PROVIDED DATA:
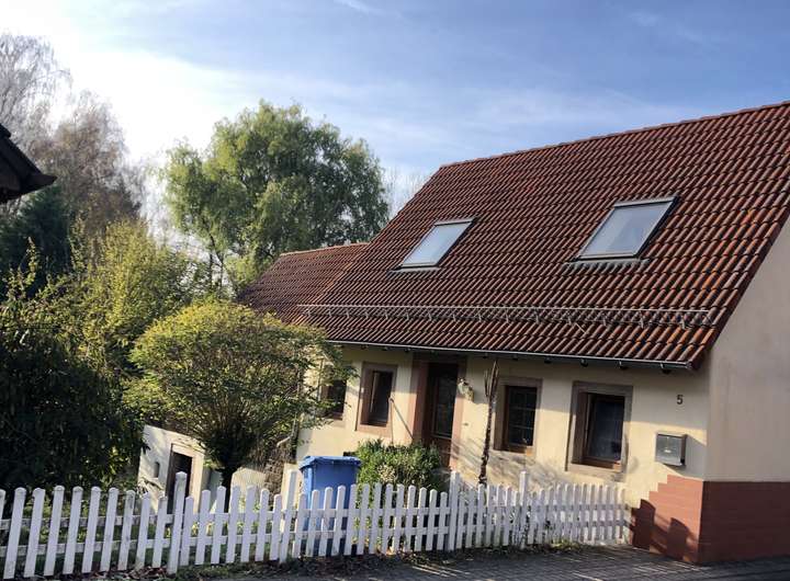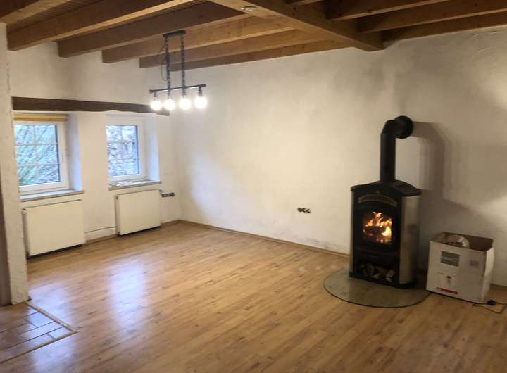 Häuschen zum verlieben mit Garten, kleine Werkstatt und Platz für Mensch und Tier. Im Erdgeschoss großes Wohnzimmer mit Kaminofen und Wohnküche mit neuer Einbauküche. Duschbad und 2 Schlafräume im DG.
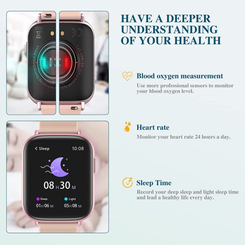 Smart Watches for Men Women,Fitness Tracker with Heart Rate Monitor Sport AMOLED Display Swimming Waterproof Watch for Android/ iOS/Phones, Black
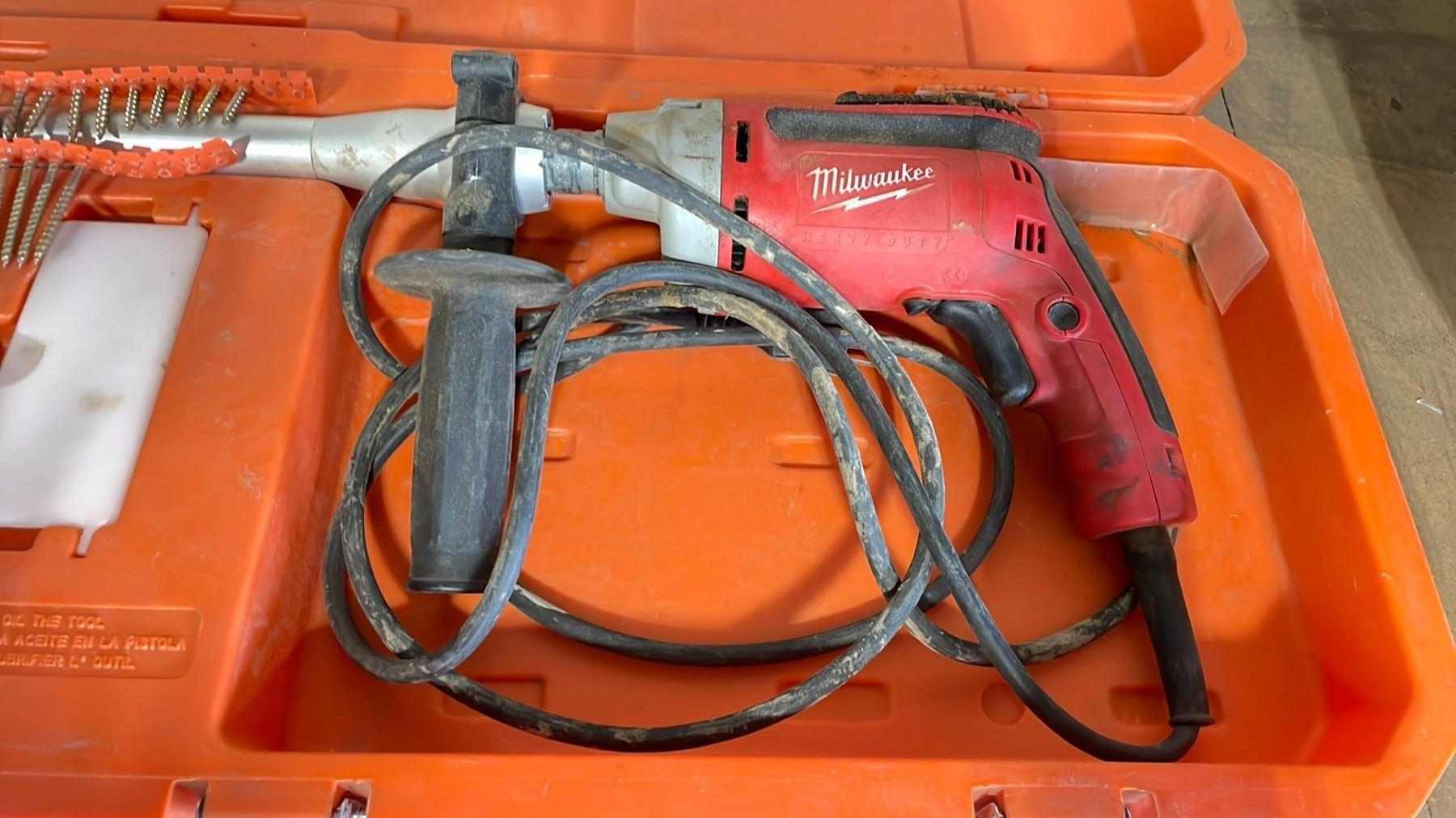 MILWAUKEE ELECTRIC INDUSTRIAL DRILL W/ PAM DRIVE IN HARD TRANSPORT CASE

EXERCISE AIM: An exact transcript of the listing is needed, free of pictures.

RESPONSE TO THE TASK:
 Häuschen zum verlieben mit Garten, kleine Werkstatt und Platz für Mensch und Tier. Im Erdgeschoss großes Wohnzimmer mit Kaminofen und Wohnküche mit neuer Einbauküche. Duschbad und 2 Schlafräume im DG.
 Smart Watches for Men Women,Fitness Tracker with Heart Rate Monitor Sport AMOLED Display Swimming Waterproof Watch for Android/ iOS/Phones, Black
 MILWAUKEE ELECTRIC INDUSTRIAL DRILL W/ PAM DRIVE IN HARD TRANSPORT CASE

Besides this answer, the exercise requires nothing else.